Nic się nie działo, naprawdę nic się nie działo. Parafrazując znaną stadionową przyśpiewkę można scharakteryzować w ten sposób początek tygodnia na miejscowym rynku. Sesja nudy i zaawansowanego trendu bocznego. Wielkość obrotów może być niezłym wyznacznikiem poziomu marazmu. Do fiksingu 380 mln na Wigu20. Co przez cały dzień daje 45 mln obrotu na godzinę handlu. Żenujące. Po fiksingu dobiło do 433 mln na indeksie największych spółek. Nadal bez rewelacji. Przy takiej aktywności jakikolwiek ruch poza wsparcie bądź opór miałby znikome znaczenie prognostyczne.

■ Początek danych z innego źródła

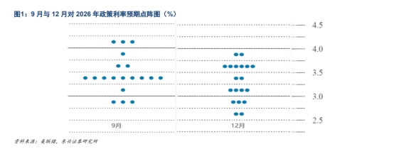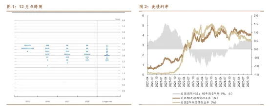 降息幅度符合预期,内部分歧较大。联储连续第三次降息25bp,幅度符合市场预期,其中一人(米兰)继续主张降息50bp,两名票委支持按兵不动,共计三人反对。点阵图预测2026年降息1次,但参考意义有限。本次的点阵图对于2026年的预测中位数仍然落在3.25%-3.5%区间,暗示降息一次,范围相较于9月点阵图保持不变,但可以看到此次点阵图的分布更加平均,印证了联储内部分歧加剧。不过,我们认为此次的点阵图参考意义相对有限,一方面源于巨大的内部分歧;另一方面,明年四名联储票委将迎来轮换。
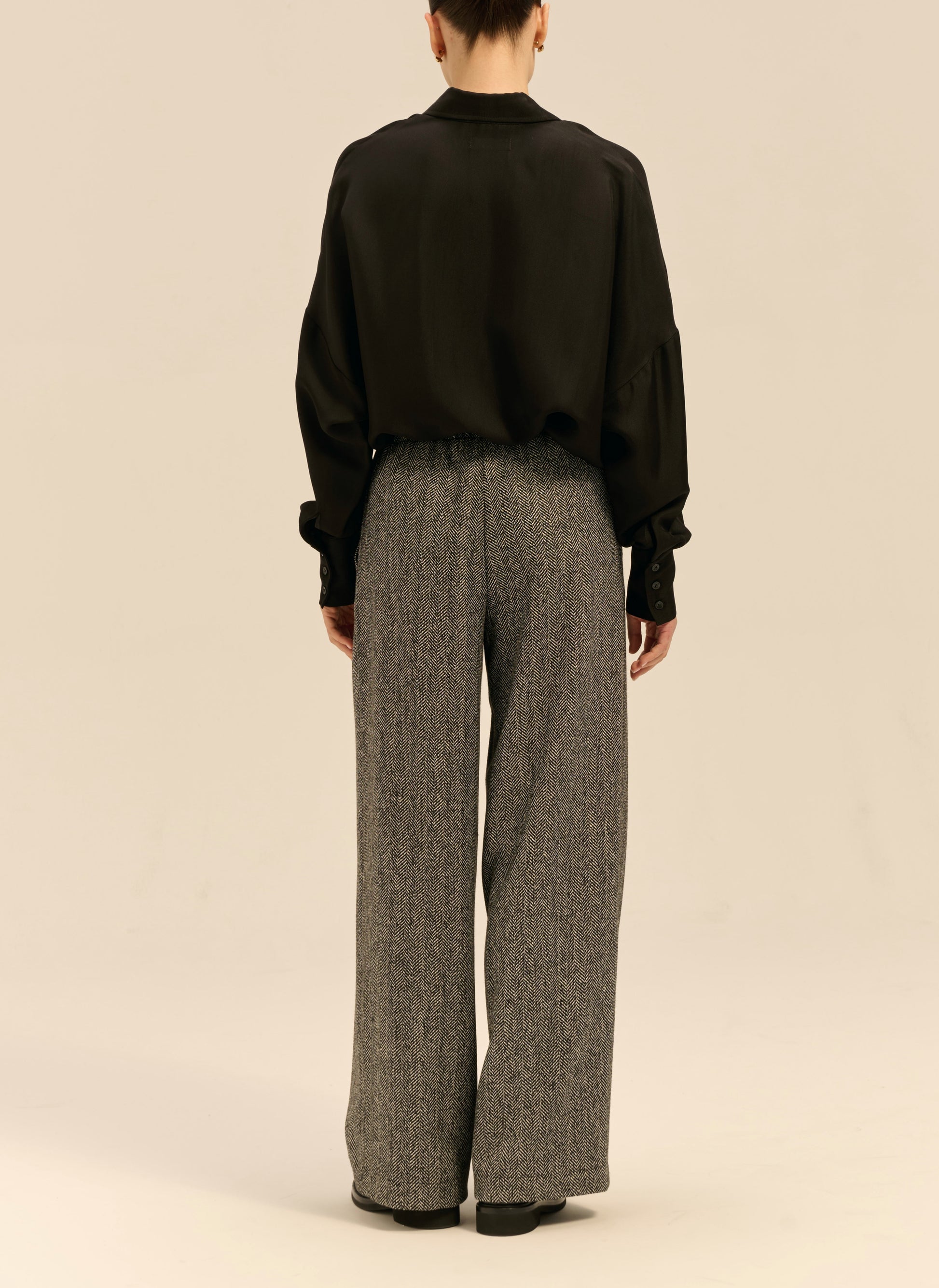 Spodnie z szeroką nogawką i elastycznym pasem w szarą jodełkę - Franco
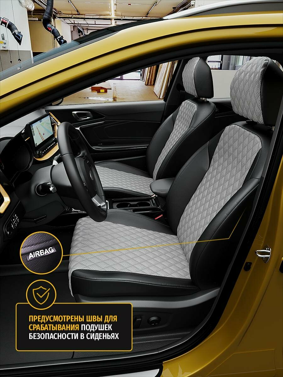 Чехлы для Peugeot 3008 2 2016-2021 Светло-Серый Черный Экокожа с ромбом и перфорацией Авто Лето LA420C104 интересное:
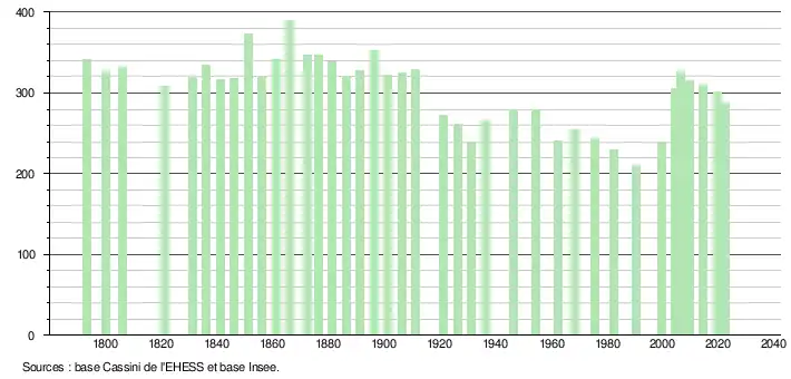 L'évolution du nombre d'habitants est connue à travers les recensements de la population effectués dans la commune depuis 1793. Pour les communes de moins de 10 000 habitants, une enquête de recensement portant sur toute la population est réalisée tous les cinq ans, les populations de référence des années intermédiaires étant quant à elles estimées par interpolation ou extrapolation[31]. Pour la commune, le premier recensement exhaustif entrant dans le cadre du nouveau dispositif a été réalisé en 2004[32].
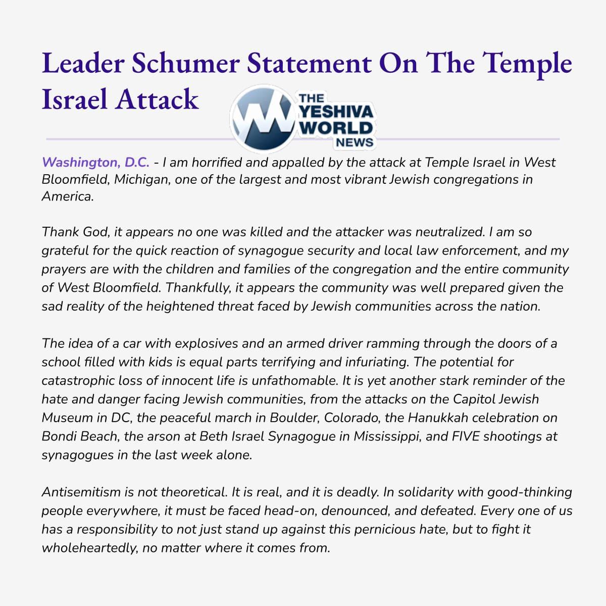 Self-Proclaimed “Shomer Yisroel” Chuck Schumer Issues Statement on West Bloomfield Synagogue Terror Attack

Wytłumaczenia można znaleźć dwa: jednym jest powszechne oczekiwanie rynków europejskich na koniec tygodnia i na decyzje szczytu Unii Europejskiej (jak to powiedział Piotr Sieradzan z Trigona dziś w wiodącej telewizji biznesowej – preferujmy analizę polityczną zamiast technicznej )
Drugim spokojny start rolowania pozycji z grudnia na marzec FW20H12 (mamy tam 13 720 pozycji wobec 6323 po sesji piątkowej). Przy zauważalnym zaangażowaniu podmiotów ujętych w zestawieniu: http://gpw.pl/koncentracja_otwartych_pozycji należy spodziewać się dociągnięcia do rozliczenia bez większych fajerwerków co pozwoli w spokoju ustawić się na przyszłość na nowej serii. Warto obserwować zmiany bo może okazać się to pomocne w prognozowaniu kierunku „leszczenia ulicy” w nadchodzącym kwartale
Z punktu widzenia krótkoterminowego tradera na futuresie Z11 mieszamy się pod oporem 231x i ponad wsparciem 226x - gramy od ściany do ściany dopóki nie przejdziemy któregokolwiek na zauważalnym obrocie – dopiero to może pokazać kierunek.